**The problem**
The listing below should be printed again word for word, without any images.

**Given information**
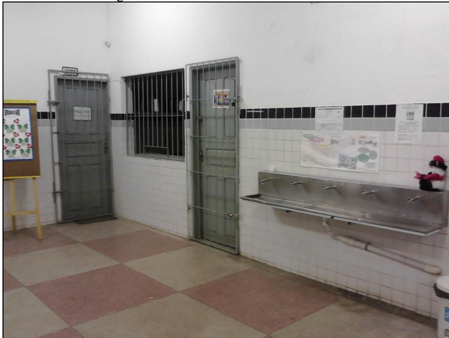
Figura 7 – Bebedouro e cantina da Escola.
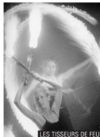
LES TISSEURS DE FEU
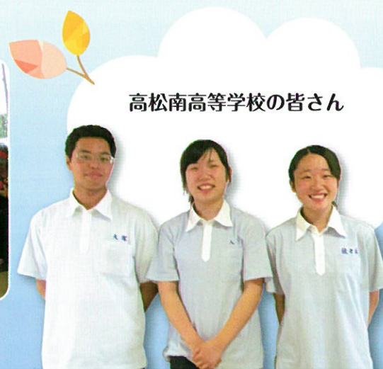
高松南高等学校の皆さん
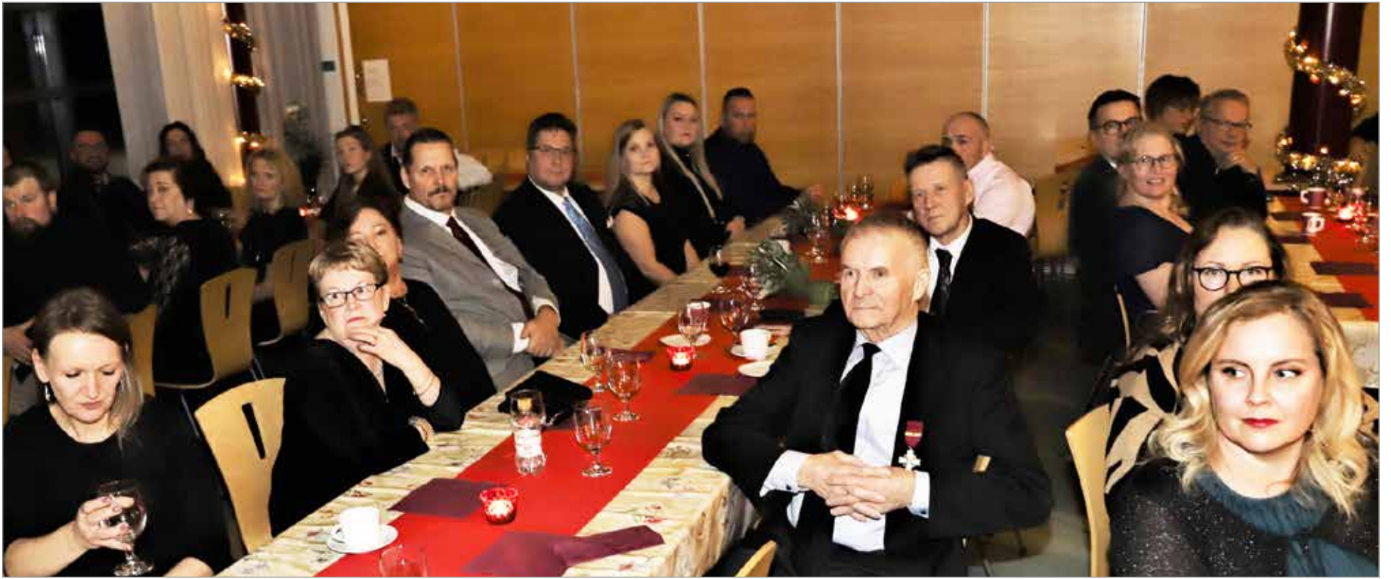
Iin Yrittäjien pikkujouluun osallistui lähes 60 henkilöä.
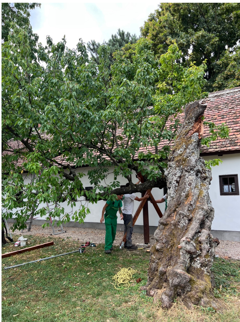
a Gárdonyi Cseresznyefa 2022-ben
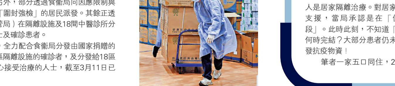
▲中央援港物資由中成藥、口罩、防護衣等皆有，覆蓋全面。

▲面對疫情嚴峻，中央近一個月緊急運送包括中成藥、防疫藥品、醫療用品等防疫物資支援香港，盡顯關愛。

**Response area**
Figura 7 – Bebedouro e cantina da Escola.
LES TISSEURS DE FEU
高松南高等学校の皆さん
Iin Yrittäjien pikkujouluun osallistui lähes 60 henkilöä.
a Gárdonyi Cseresznyefa 2022-ben
▲中央援港物資由中成藥、口罩、防護衣等皆有，覆蓋全面。

▲面對疫情嚴峻，中央近一個月緊急運送包括中成藥、防疫藥品、醫療用品等防疫物資支援香港，盡顯關愛。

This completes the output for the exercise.